SM事業[2019年2月期]営業収益営業利益
第1四半期798,7802,071
第2四半期1,629,84811,119
第3四半期2,429,81913,171

SM事業は営業利益を増やしていますが、GMS事業は赤字を拡大しています。

次に総合金融業は以下のようになります。

総合金融業[2019年2月期]営業収益営業利益
第1四半期106,33417,452
第2四半期211,76731,951
第3四半期320,45247,460

ディベロッパー事業は次のようになっています。

ディベロッパー事業[2019年2月期]営業収益営業利益
第1四半期88,61313,124
第2四半期178,18725,439
第3四半期266,41037,043

※単位はすべて百万円

イオンの中核ビジネスである総合スーパーが赤字を拡大させていることがわかります。国内のGMS事業は、Amazonのようなネット通販との競争により、どの企業も苦戦しています。

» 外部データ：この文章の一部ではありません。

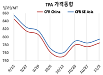 CFR China 785달러로 10달러 상승 … 11월 수요는 부진 전망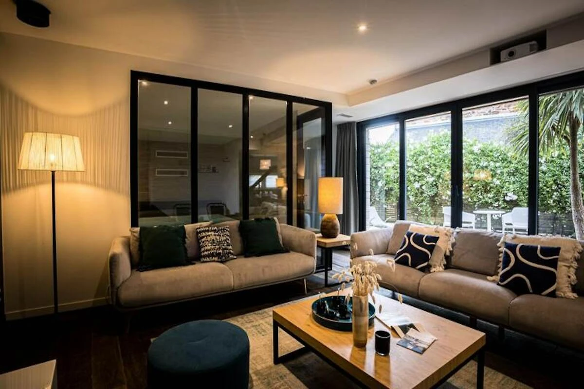 Die offenen und komfortablen Wohnzimmer sind hochwertig ausgestattet. Die Küche mit ihrer zentralen Kochinsel/Essbereich und das Wohnzimmer öffnen sich zu einem geschlossenen Innenhof, der außer Sichtweite Müßiggang und Entspannung verspricht.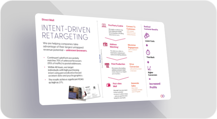 Direct Mail First Party Cookie Connect To Realized Customers Customer Benefits We apply a website tag with content that collects & models tailored to their INTENT-DRIVEN browsing data, including online interests abandoned carts. RETARGETING Lower Costs We are helping companies take Address Maximize advantage of their largest untapped Matching* Engagement with “in market” revenue potential —unknown browsers. ery The data we collect is buyers v i matched to real person’s el name and mailing address. d o Time Back eek t a • Continuum’s platform accurately t e Wa matches 70% of unknown browsers n d O m o (95% of traffic) to postal addresses. r Print Production Drive e f m Conversion • Within 48 hours, we target i T We receive the mailing with perfectly timed individuals with high purchasing address and print them campaigns intent using personalization based (same day) at our digital Higher on intent data and psychographics. print facilities. Conversion • The results achieve significant ROAS = as high as 37%. First-class Generate Mail Sales Increased then retain Profits We mail it so your soon- customers to meet to-be-customer your LTV goals receives it within 5 days … and you get the most bang for your buck.

その中でイオンは金融事業や不動産事業、そして営業収益・営業利益ともに増加しているヘルス&ウエルネス事業に支えられる形で業績は好調です。ビジネスモデルを環境の変化に応じてシフトできる強さが、イオンの業績が好調である理由と考えられます。

それでは、イオンの過去3期の業績を記載します。数値は上から、売上高・営業利益・経常利益・自己資本比率・一株利益(単位は一株利益と自己資本比率以外は百万円)となっています。

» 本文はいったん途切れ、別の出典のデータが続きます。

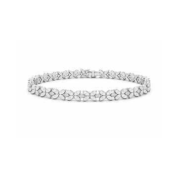 Exuding pristine simplicity, each round cut diamond featured in this tennis bracelet has been selected...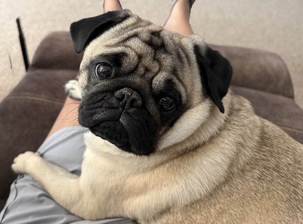 Oh our little Oakley! He is the sweetest most lovable pug ever.! Oakley loves to snuggle any time, day or night. He loves playing fetch and chewing on his squeaky toy. Life is good!!!

項目(一株利益と自己資本比率以外は百万円)2017年2018年2019年
売上高8,210,1458,390,0128,518,215
営業利益184,739210,273212,256
経常利益187,351213,772215,117
自己資本比率12.9%12.2%10.9%
一株利益13.4429.2328.11

株価

イオンの過去5年間の株価(終値)推移を見てみましょう。

株価(終値)年高値
2014年1,2131,484
2015年1,8682,033
2016年1,6561,872
2017年1,9021,949
2018年2,1492,792

2019年4月26日時点では、終値が2,054円になっています。日足チャートを見ると、下がり続ける75日移動平均線を25日移動平均線が下抜いているので、底をつけるのはまだ先ではないかと考えられます。

ただし信用倍率を見てみると、信用売残が増えている以上に信用買残も増えています。売り圧力も高いので、さらなる下落もありうる反面、買い圧力も高いので上昇し始めたら大きく上がる可能性もあります。

まとめ

イオンは売上高のほとんどを占める中核の小売事業は不振ですが、他の事業の利益率が伸びているので業績はまだまだ期待できると言えるでしょう。株価は下げ続けていますが、相対的に配当と株主優待利回りは高まるので、これから株式を購入するのには良い時期かもしれません。